A hollow spherical shell is compressed to half its radius. The gravitational potential at the centre

To solve the problem of how the gravitational potential at the center of a hollow spherical shell changes when the shell is compressed to half its radius, we can follow these steps: ### Step-by-Step Solution: 1. **Understand the Formula for Gravitational Potential:** The gravitational potential \( V \) at a distance \( r \) from a mass \( m \) is given by the formula: \[ V = -\frac{Gm}{r} \] where \( G \) is the gravitational constant. 2. **Identify the Initial Conditions:** Let the initial radius of the hollow spherical shell be \( R \). The initial gravitational potential at the center of the shell (at radius \( R \)) can be expressed as: \[ V_{\text{initial}} = -\frac{Gm}{R} \] 3. **Determine the New Radius:** When the shell is compressed to half its radius, the new radius \( r \) becomes: \[ r = \frac{R}{2} \] 4. **Calculate the New Gravitational Potential:** Substitute the new radius into the gravitational potential formula: \[ V_{\text{new}} = -\frac{Gm}{\frac{R}{2}} = -\frac{Gm \cdot 2}{R} = -\frac{2Gm}{R} \] 5. **Compare the Initial and New Potential:** - The initial potential was \( V_{\text{initial}} = -\frac{Gm}{R} \). - The new potential is \( V_{\text{new}} = -\frac{2Gm}{R} \).

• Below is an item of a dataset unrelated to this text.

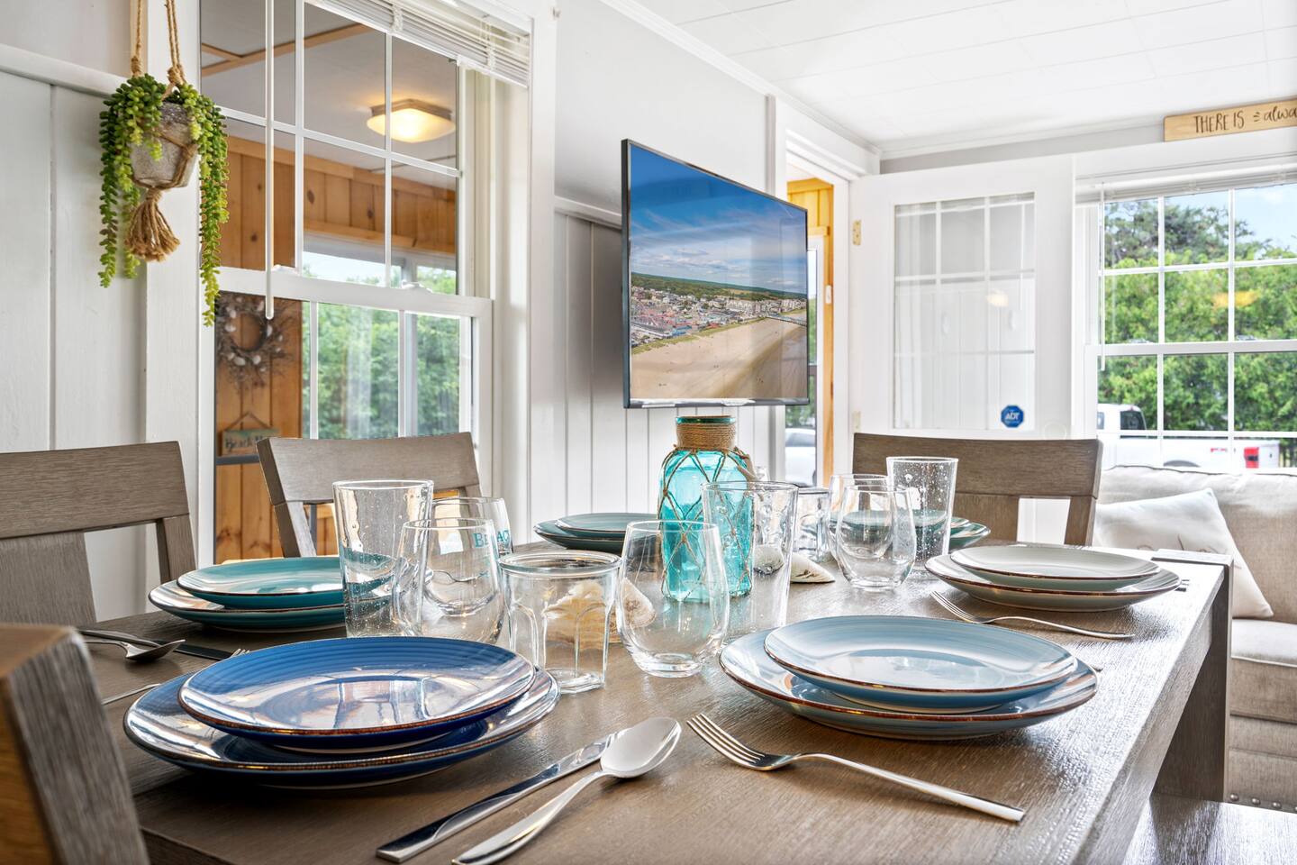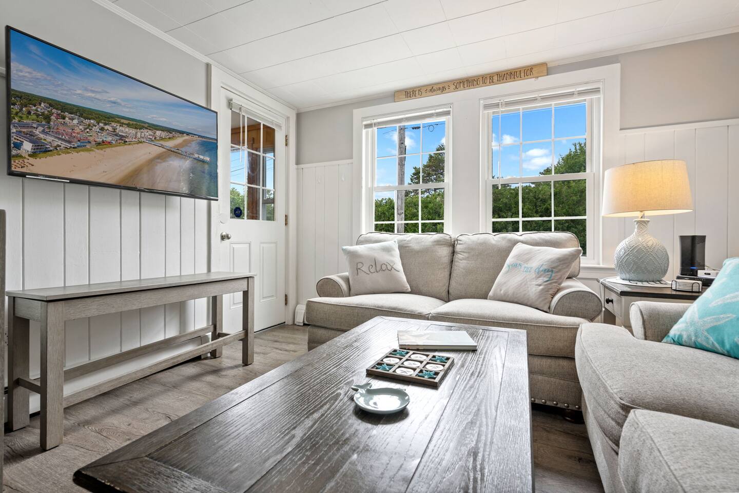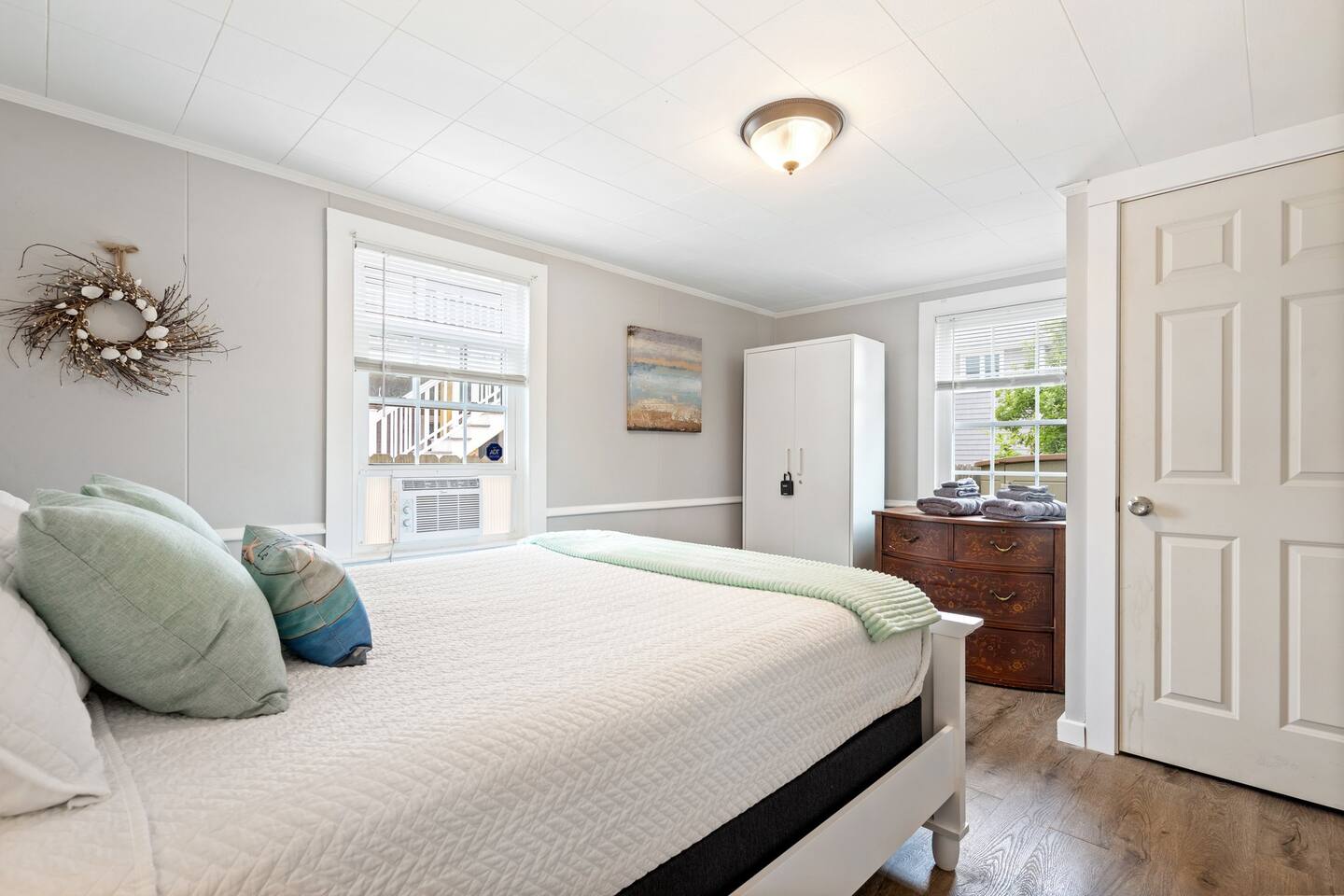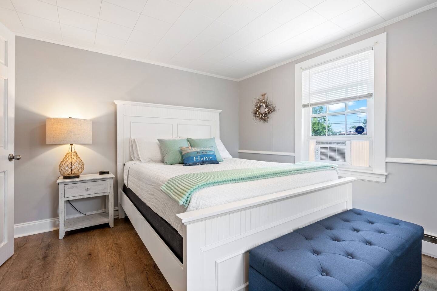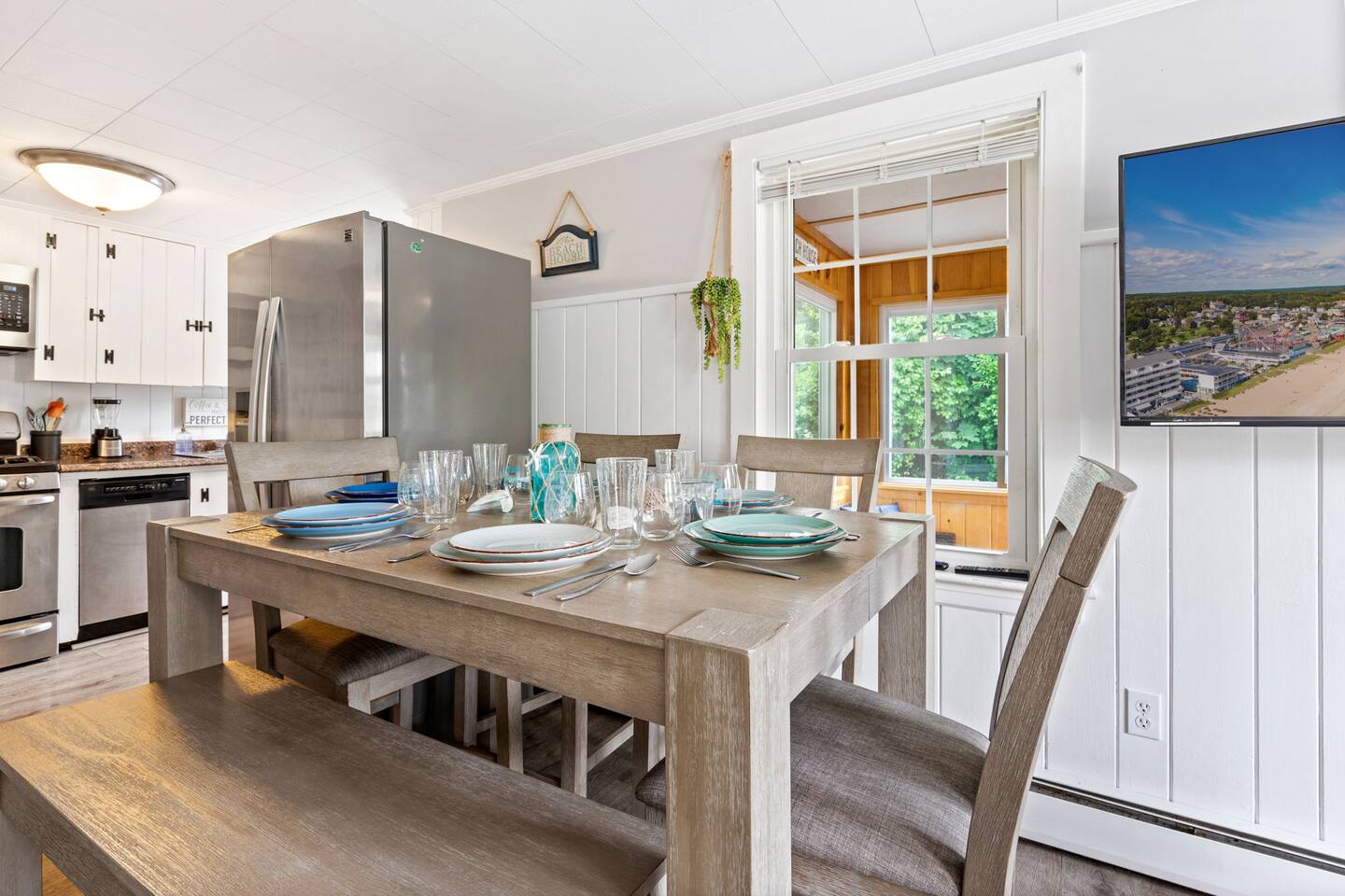 KEY FEATURES: ☀️ Sleeps 6 comfortably; 3 bedrooms; 6 beds - 2 queen, 3 twin and 1 double ☀️ 2 bathrooms, 1 full w/ combo tub/shower ☀️ Fully-equipped kitchen ☀️ 350MB satellite wifi ☀️ Dog-friendly ☀️ Steps from the beach ☀️ Board games, kids toys and family-friendly amenities ☀️ Beach essentials - blanket, umbrella, chairs, etc. ☀️ Sunny, (shared) patio with BBQ grill, outdoor dining and lounge furniture ☀️ Outdoor shower ☀️ NOTE: At 900 sq ft, the dining area and living room are a tight fit for a large group ☀️ Duplex - inquire about renting both sides for larger gatherings! Here Are A Few Kind Words From Past Guests: "A very tidy duplex a stone's throw from the beach. The perfect location to create family memories. As a bonus it is in walking distance to the pier without all the traffic." - Marianne "My husband and 2 small children spent a week at Maggie’s and it was absolutely perfect. I could not speak more highly of the home and also the location." - Rachel "This cozy cottage is perfectly located for easy beach access. The space is small, but has everything you need. Most of the cottage is updated with nice touches. Some beach chairs, an umbrella, and beach toys were also provided, which was great. You can't beat the beach and the location." - Susan ☆☆ BEDROOMS ☆☆ This quaint beach getaway accommodates 6 guests in 3 bedrooms. One bedroom is located on the first floor in the back of the apartment. It's fitted with a queen size bed, a dresser as well as a closet for extra storage. The master bedroom is located on the second floor of the home and is fitted with a queen-size bed, a closet and a small, half ensuite bathroom. The final bedroom, fitted with three twins and one full sized bed, is located on the second floor and has a closet for storage. All bedrooms are equipped with window a/c units. ☆☆ BATHROOMS ☆☆ There are two bathrooms in this home, each of them stocked with all the essentials you need for the duration of your stay. The full bathroom is located on the first floor of the home and has a shower/tub combo. The master bedroom on the second floor contains a small, half ensuite bathroom. ☆☆ KITCHEN, DINING & LIVING ROOM ☆☆ The kitchen area is small but mighty, and is fully equipped with all the appliances, utensils and cookware you need to feel at home. There's a dining table in the kitchen which seats 6. Note: Dining table has 4 chairs and a bench for 2 additional guests. All dining essentials are provided to enjoy a comfortable home-cooked meal at the table. The living room is situated on the main level of the home and is kitted with a smart TV with a Roku entertainment system, allowing full access to your favorite streaming services. There is seating for 5 people in the living room. Living room equipped with window a/c unit for comfort! This unit features a cozy sun room at the front of the home equipped with seating for 4. It's the perfect spot to enjoy a morning cup of coffee and listen to the waves crashing! ☆☆ OUTSIDE SPACE ☆☆ The exterior area of this home boasts a (shared) patio out front with dining furniture for 6 people, as well as lounge furniture for 10. There is a private outdoor shower allowing guests to wash the sand off before heading back inside! There is a private gas grill for guest use year-round. ☆☆ ADDITIONAL GUEST EXPERIENCES ☆☆ Looking to make your stay extra special? We partner with local businesses to help take your trip to the next level. We’re happy to help coordinate the following services: 🛶 Kayak & SUP Rentals (inquire about 10% off!) 🚲 Bike Rentals (inquire about 10% off!) 🍽️ Private Chef 💆🏻♀️ In-home Massage ★☆ Book Today & Let Us Take Care Of You In Old Orchard Beach! ☆★
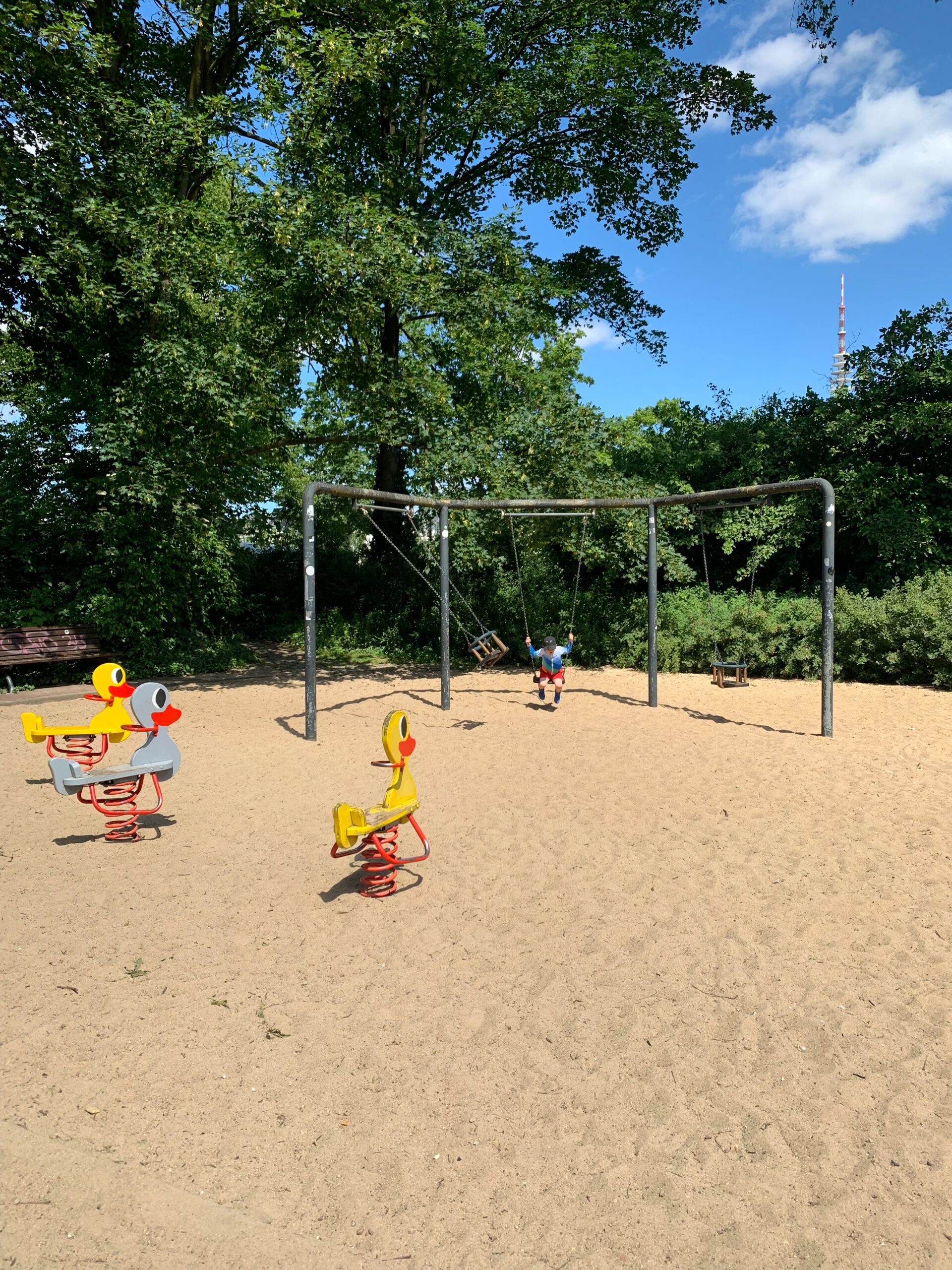 Wir lieben es, mehrere Stunden auf dem Spielplatz zu verbringen, bei strahlend schönem Wetter, aber auch bei Nieselregen. Wir starten oft frühmorgens mit dem Fahrrad und nehmen Schaufel, Eimer, Snacks und oft auch den Grill mit. Das Schöne ist, dass du morgens viele Spielplätze in Hamburg noch fast ganz für dich hast.

Since \( -\frac{2Gm}{R} \) is more negative than \( -\frac{Gm}{R} \), we conclude that the gravitational potential has decreased. 6. **Conclusion:** Therefore, when the hollow spherical shell is compressed to half its radius, the gravitational potential at the center decreases. ### Summary of the Solution: The gravitational potential at the center of the hollow spherical shell decreases when the shell is compressed to half its radius.